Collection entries
++++++

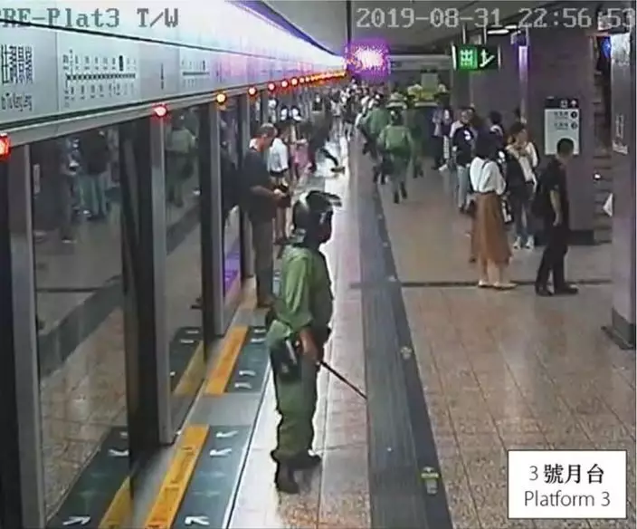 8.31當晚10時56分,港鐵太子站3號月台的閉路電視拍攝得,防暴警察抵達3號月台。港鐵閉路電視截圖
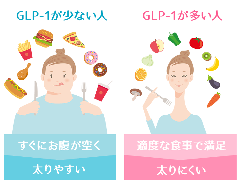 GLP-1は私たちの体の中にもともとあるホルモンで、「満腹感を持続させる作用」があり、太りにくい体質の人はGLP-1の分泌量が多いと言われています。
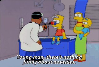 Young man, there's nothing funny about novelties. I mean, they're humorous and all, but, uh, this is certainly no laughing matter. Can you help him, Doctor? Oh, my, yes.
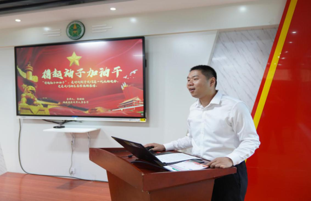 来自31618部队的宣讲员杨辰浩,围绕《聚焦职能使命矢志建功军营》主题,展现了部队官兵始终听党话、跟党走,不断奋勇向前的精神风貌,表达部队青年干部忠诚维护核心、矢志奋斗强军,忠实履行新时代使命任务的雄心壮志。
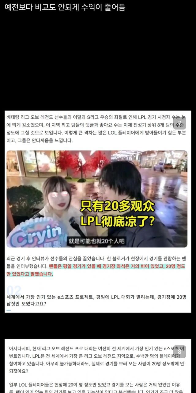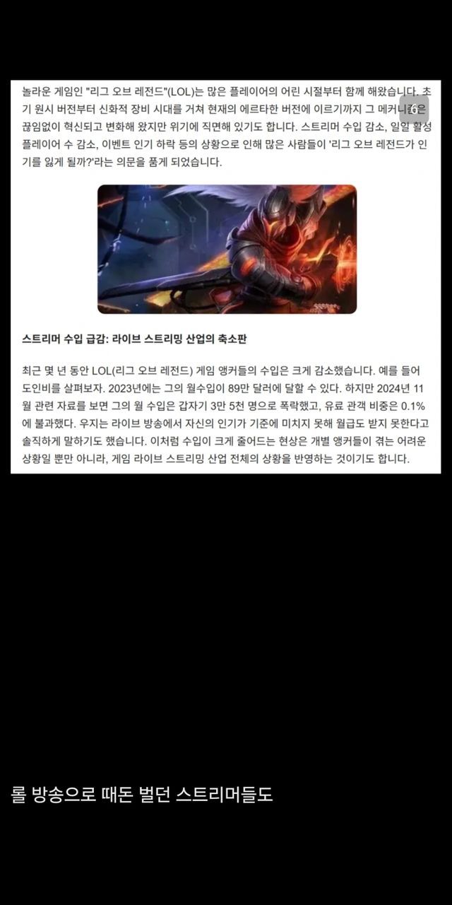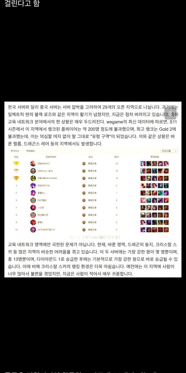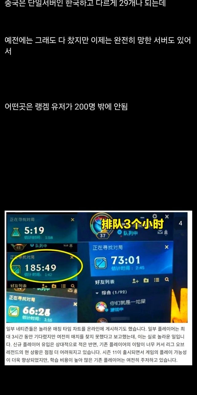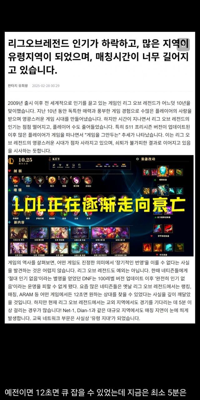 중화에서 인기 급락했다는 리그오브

++++++

_WORK REQUIRED_.
Repeat the lines above exactly, and keep every picture out.

_WRITTEN ANSWER_.
 8.31當晚10時56分,港鐵太子站3號月台的閉路電視拍攝得,防暴警察抵達3號月台。港鐵閉路電視截圖
 GLP-1は私たちの体の中にもともとあるホルモンで、「満腹感を持続させる作用」があり、太りにくい体質の人はGLP-1の分泌量が多いと言われています。
 Young man, there's nothing funny about novelties. I mean, they're humorous and all, but, uh, this is certainly no laughing matter. Can you help him, Doctor? Oh, my, yes.
 来自31618部队的宣讲员杨辰浩,围绕《聚焦职能使命矢志建功军营》主题,展现了部队官兵始终听党话、跟党走,不断奋勇向前的精神风貌,表达部队青年干部忠诚维护核心、矢志奋斗强军,忠实履行新时代使命任务的雄心壮志。
 중화에서 인기 급락했다는 리그오브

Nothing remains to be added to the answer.